(Extracted data entries)
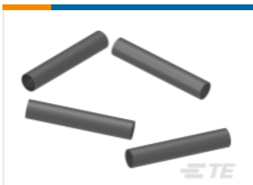
TE 产品编号2534214002 AP-2000 热缩管
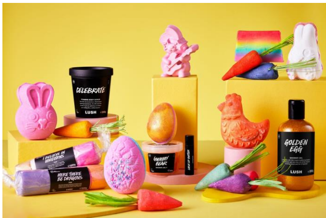
イースターコレクションのイメージ画像

英国発のナチュラルコスメブランドLUSH(ラッシュ)は、全国77店舗と公式オンラインストアにて2023年3月1日(水)よりイースターコレクション全21種(バスボムやソープなど単品14種、ギフト4種、Knot Wrap3種)を発売いたします。子沢山のウサギは「新しい命」や「繁栄」を意味することから、「復活祭」と呼ばれるイースターの象徴となっています。今年のコレクションはウサギをモチーフとしたバスボム(入浴料)やソープ、ウサギたちの大好物ニンジンがレインボーカラーのバブルバー(泡風呂用入浴料)になりラインナップ。イースター(4月9日)は、愛嬌たっぷりのウサギたちと一緒にぴよんとバスタブに飛び込んでバスルームで春の訪れをお祝いしましょう。
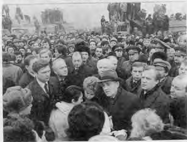
Посещение Чернобыльской АЭС. 1986 г. В разрушенном землетрясением Спитаке. 1988 г.
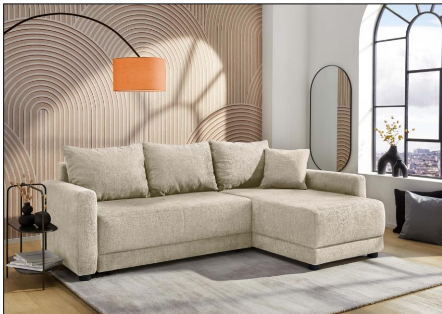
417/07 - 417/07 - 417/07
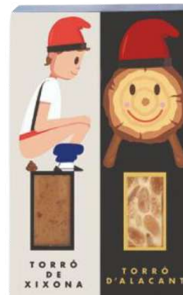
Set 2 mini turróns 2x50g=100g TIÓ REF - ST299 PV: 6,90€
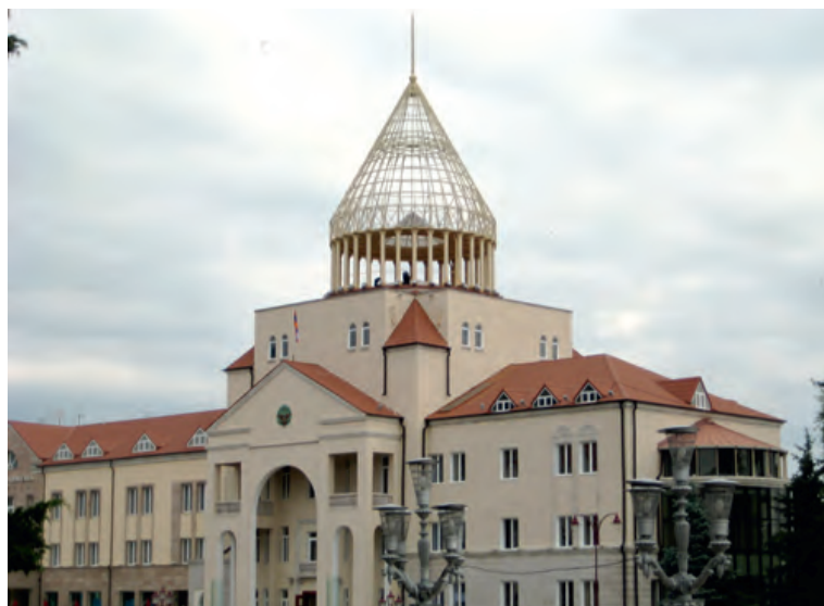
Photo 16. Le Parlement du Haut-Karabagh à Stepanakert © Photo Gérard-François Dumont.

Par ailleurs, le Haut-Karabagh plaide en argumentant à partir de la Convention de Montevideo de 1933 sur les droits et les devoirs des États établie lors de la septième Conférence internationale des États américains. Cette convention, dans son article 1 er , précise qu'un État est composé « d'un territoire défini, d'une population permanente, d'un gouvernement » et qu'il doit « avoir la capacité d'établir des relations avec d'autres États ». Or le Haut-Karabagh considère qu'il remplit les conditions de cette Convention et constitue donc un État indépendant au sens du droit international, avec les quatre arguments suivants 22 .
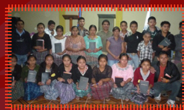
Delegación de la Iglesia Bautista “Jerusalén” de Pocolá, Carchá.
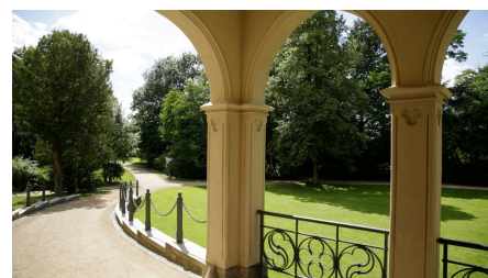
Blick in den Park Reichenow
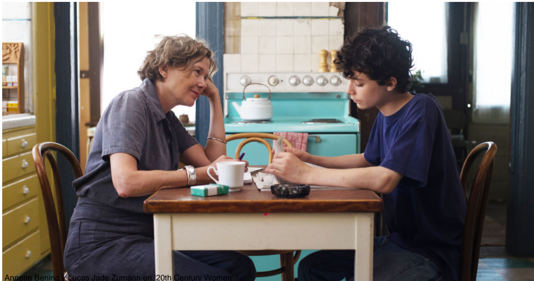
Annette Bening y Lucas Jade Zumann en 20th Century Women
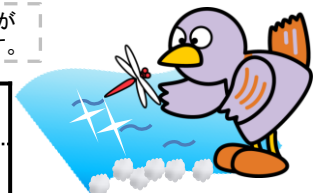
埼玉県のマスコット「コバトン」
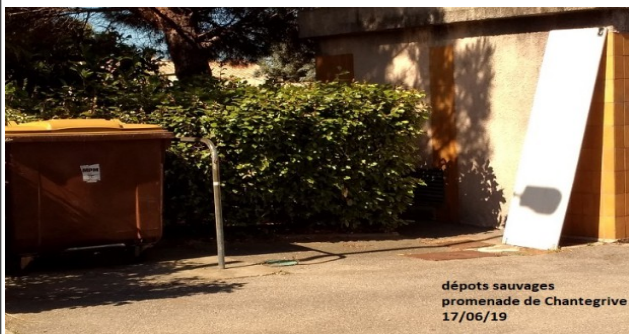
dépôts sauvages promenade de Chantegrive 17/06/19
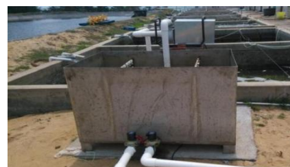
图 3 试验站实海加速腐蚀试验装置
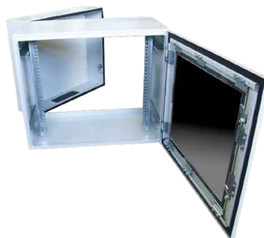
NRS-2-IP-55-19" - widok od frontu po otwarciu
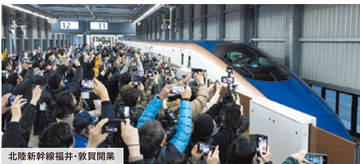
北陸新幹線福井・敦賀開業
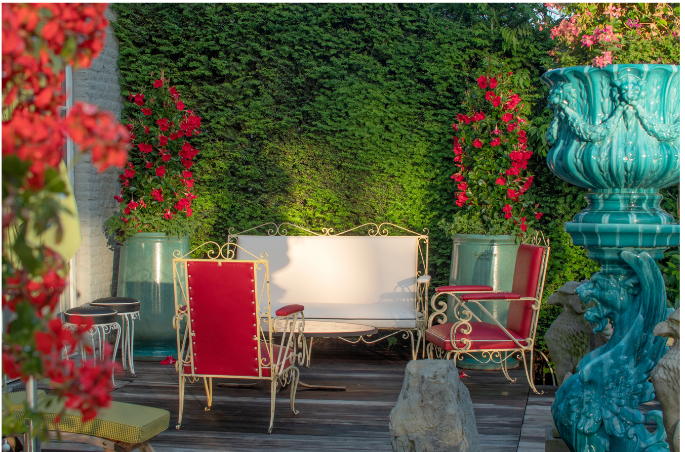
Ambiance "hotel" avec cache pot turquoise Vallauris, signe Massier.
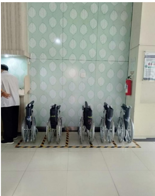
Tempat Kursi Roda Pav Garuda
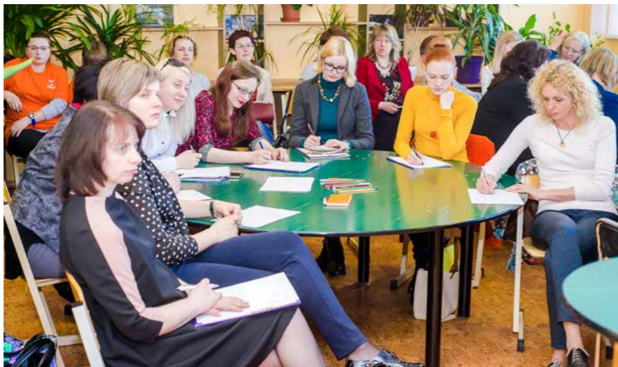
Pedagogi diskutē par karjeras vadības prasmēm

Kaut gan jēdziena definēšana nav tas būtiskākais, ir svarīgi izprast tā saturu, lai vienas jomas pārstāvji varētu kopīgi panākt noteiktu prasmju pilnveidošanu. Domāju, ka dažkārt ir vajadzīga arī profesionāla drosme atzīt savu neizpratni, nezināšanu, nedrošību, apmulsumu un neskaidrību. Ir vajadzīga drošumpēja, lai pārmaiņu laikos nepazaudētu mūžīgās dzīves pamatvērtības un, balstoties uz tām, pilnveidotu ikdienā nepieciešamās zināšanas un prasmes.
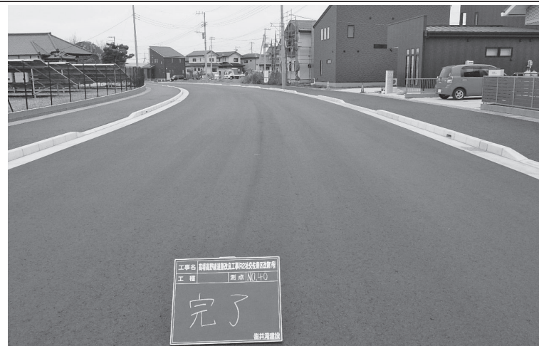
〔21年度完成工事5件〕 高場高野線道路改良工事(R2社交佐東区改第1号)
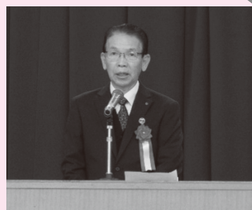
▲ご来賓の掛川副市長のごあいさつ
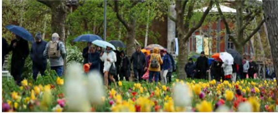
Leider gab es auch viel Regen
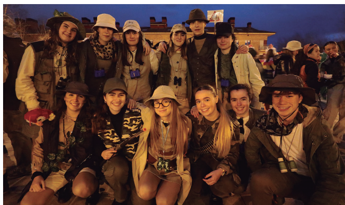
Fauna gertutik behatzen duenik ez zen falta izan Inauteri Festan.
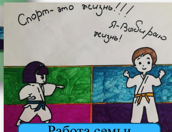
Работа семьи Козловых
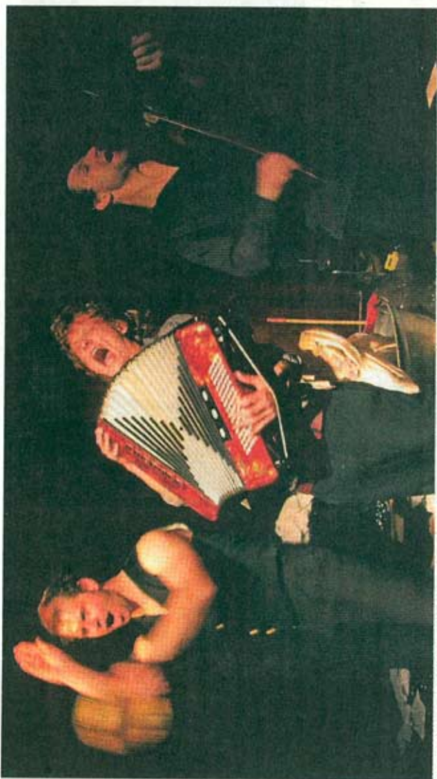
Teaterkompaniet NIE berättar, dansar, sjunger och gestaltar den europeiska historien på barnteaterfestivalen Bibu i Lund.
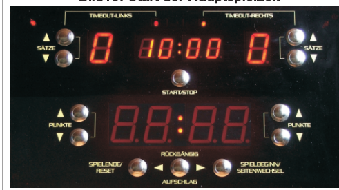
Bild13: Start der Hauptspielzeit
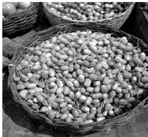
Illustration 6: Maxixe (Cucumis anguria L.), originaire d'Afrique
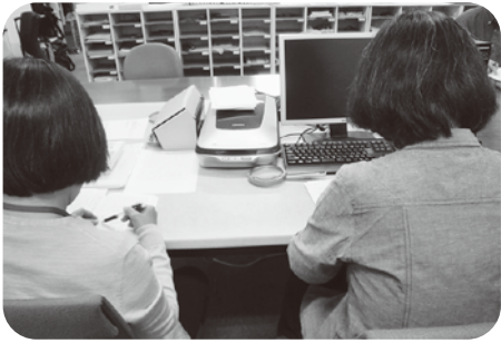
2人1組で点字の校正

☆生活便利グッズの 展示・販売 目の見えない方・見えにくい方向けの便利グッズがいっぱい。音声で時間を知らせる時計やワンプッシュで決まった量が出る調味料入れなど、さまざまな物がありました。
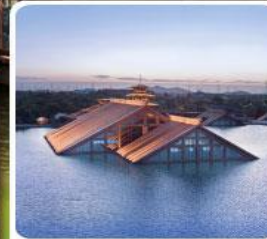
พิพิธภัณฑ์ไดโนเสาร์ กวางฟู่หลิน
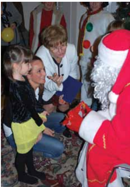
Mikołaj w PSK im. J. Bema

• doroczne organizowanie Święta Polonii Węgierskiej – Dnia św. Władysława, obchodzonego w Szabolcs, Somogyvár, Miskolu oraz w Budapeszcie
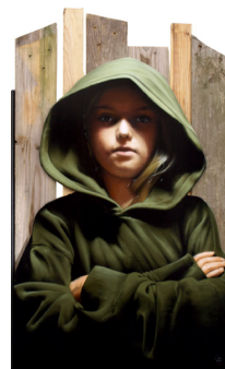
Hold On , 2018 Bois, bombe de peinture sur médium. 160 x 100 cm 3 200 euros
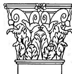
Fig. 5.9. Capitel coríntio.
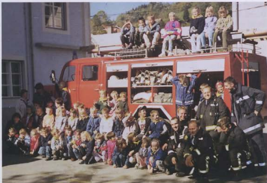
Gasilci skrbijo tudi za svoj podmladek.

V primerjavi z bližnjimi društvi imamo gasilska društva v Žireh, dokaj slabo opremo. Opremljenost določa kategorizacija posameznega društva. Naše društvo je s sporno postavljenjo mejo obstalo na najnižji možni stopnji oziroma kategoriji društev. Sami vemo, da bi se to dalo z
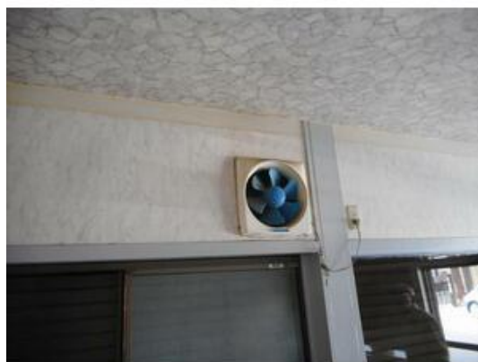
換気扇(残置物になります。)
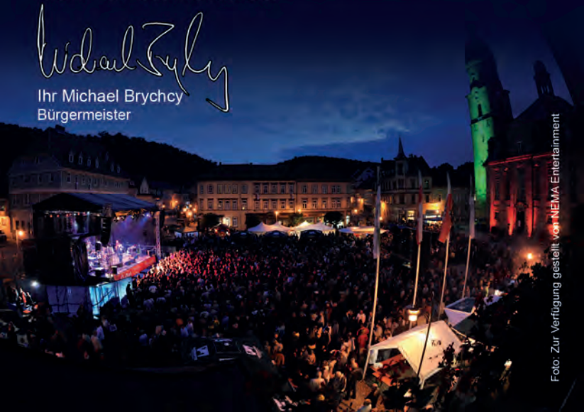
Ihr Michael Brychcy Bürgermeister

Lassen Sie uns zusammen ein großes und beschwingtes Fest feiern - ich freue mich auf Sie.
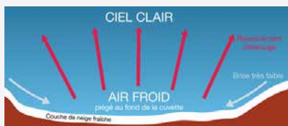
Figure 2 • Schéma de l'écoulement de vent catabatique.

Si le ciel est clair, rien ne retient le rayonnement du sol, celui-ci est alors dispersé dans les plus hautes couches de l'atmosphère et réchauffe l'air en altitude : une inversion thermique peut alors se former. Au contraire, si le ciel est nuageux une partie des rayonnements est renvoyé vers le sol et limite l'effet de l'inversion thermique.
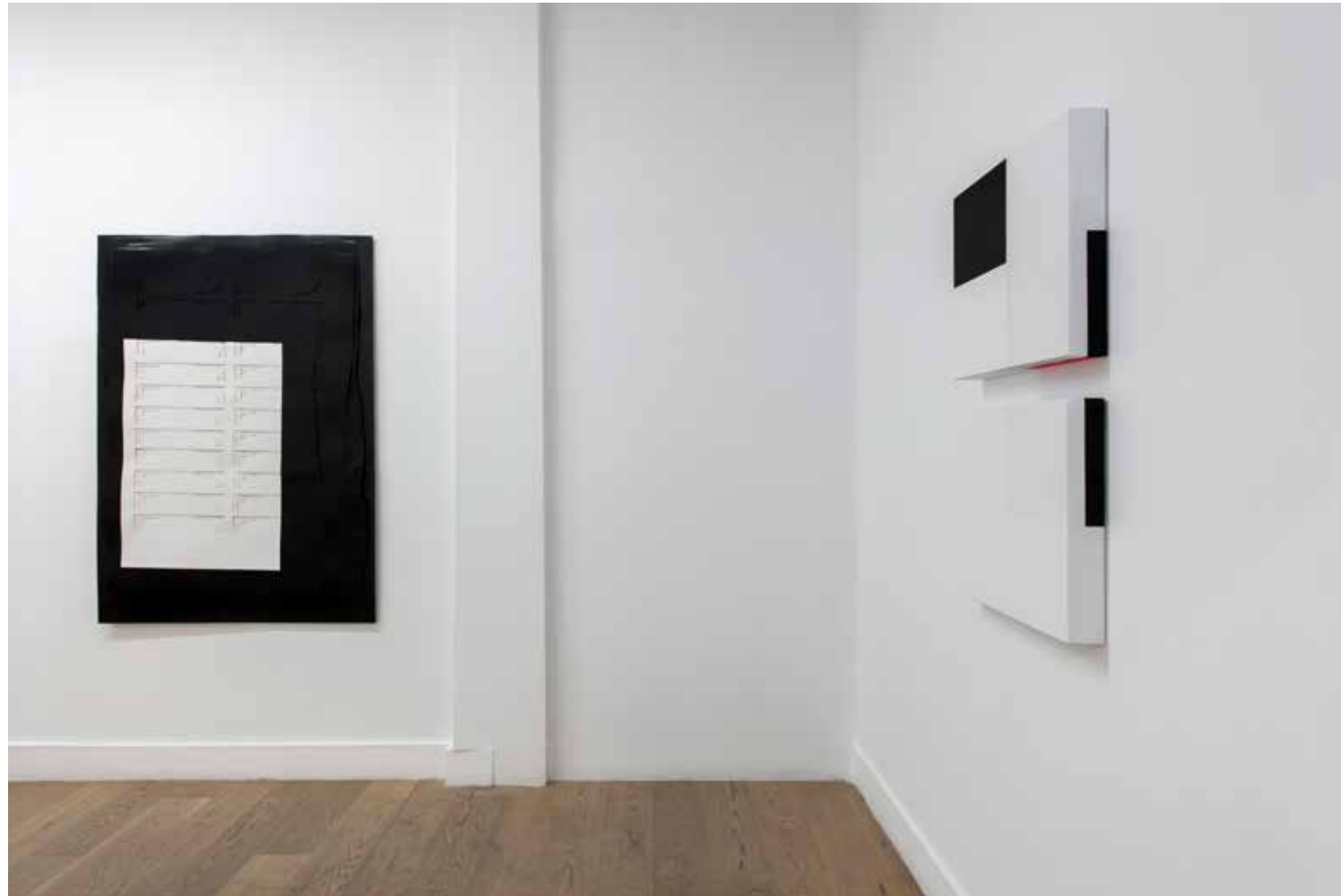
Seçkin Pirim, Sonuçlanan Süreç #2 , 2020, bristol kağıt kesim, 123 x 172 cm
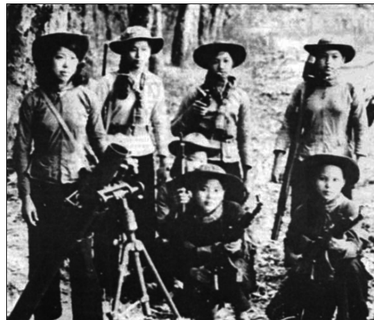
Les combattants héroïques de l'Armée populaire du Vietnam (à gauche) et du Viet Cong, le Front de libération nationale du Vietnam du sud (à droite)

Le Parti communiste du Canada (marxiste-léniniste) salue la victoire de l'héroïque peuple vietnamien de même que ses réalisations et ses succès dans sa lutte depuis la guerre pour la paix, l'indépendance et la prospérité. Nous condamnons l'impérialisme américain et tous les
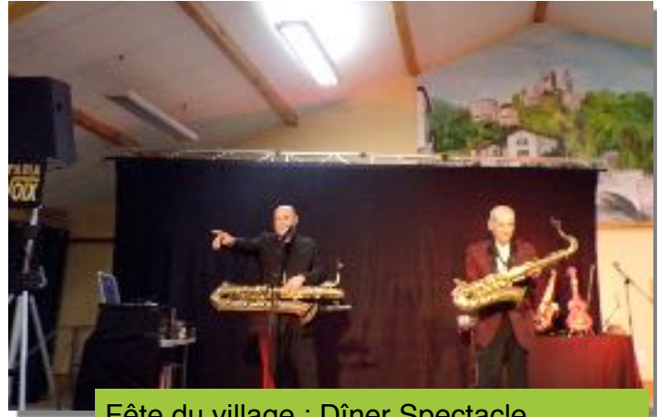
Fête du village : Dîner Spectacle
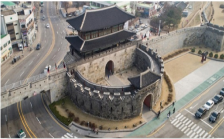
ป้อมปราการฮวาซอง
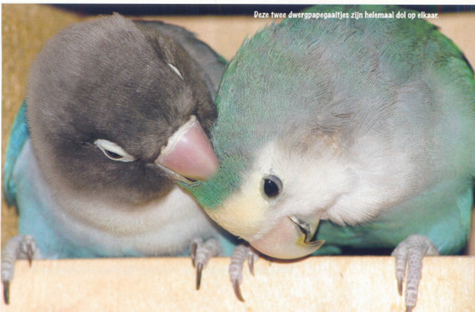
Deze twee dwergpapegaaitjes zijn helemaal dol op elkaar.

van het geslacht kan onder andere bij Gendika (zie kader). Als je verse borstveertjes opstuurt dan kan dat laboratorium via DNA-onderzoek het geslacht bepalen. Doe dit zo snel mogelijk nadat je de nieuwe vogel hebt aangeschaft, want je gaat je heel snel aan hem hechten!
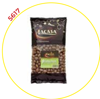
COMERCIAL CHOCOLATES LACASA SA GRAGEAS GRANEL
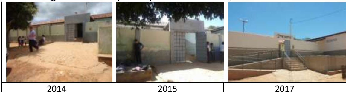
Figura 4: Escadas e/ou rampas da Escola Municipal Alfredo Silvério
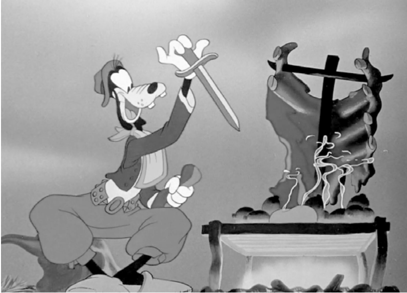
Un fotograma de Saludos amigos donde se ve al gaucho Goofy por comer un asado

Walt Disney denunció a cuatro integrantes del sindicato, entre ellos a uno de sus animadores, Dave Hiberman, ante el Comité de Actividades Antiestadounidenses.
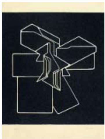
PALAZUELO. 'Bloom', aguafuerte y aguatinta.

blancas y negras se traducen como si fuesen auténticas partituras del silencio contenido. O Antoni Tàpies, que mantiene la estela de sus composiciones cuando se enfrenta a las dificultades derivadas del trabajo de estampación directa.
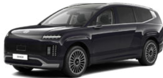
Biophilic Blue Pearl
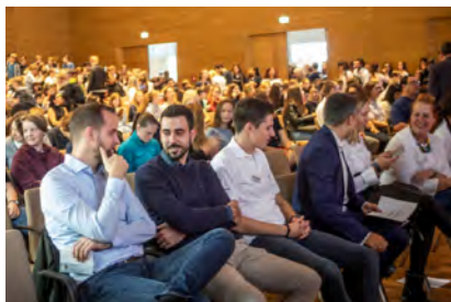
Bilder vom 1. SDG Jugendgipfel 2019 in Heilbronn, Bildungscampus
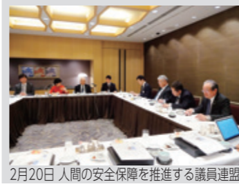
2月20日 人間の安全保障を推進する議員連盟
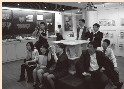
圖22 中國上海市檔案館蒞校參訪
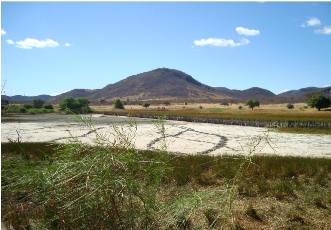
Foto 01- Lagoa do Sal.

Com base em alguns registros e segundo relatos dos moradores antigos, Matina foi iniciada por volta de 1850, encostada na Lagoa de Matina, onde se concentravam pessoas interessadas na exploração do sal em sua forma mais rudimentar.
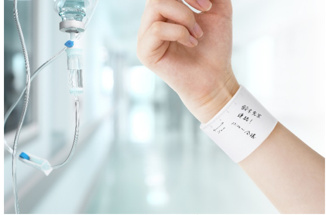
看護師さんの愛用者も多い wemo 医療現場でも活躍するバンドタイプ

▸ Assigned task
All lines above starting at the one with "Lassen Sie uns" and ending at the one with "Figure 2 • Schéma", inclusive, are to be printed again exactly, with the pictures left out.

▸ Reply to the exercise
Lassen Sie uns zusammen ein großes und beschwingtes Fest feiern - ich freue mich auf Sie.
Figure 2 • Schéma de l'écoulement de vent catabatique.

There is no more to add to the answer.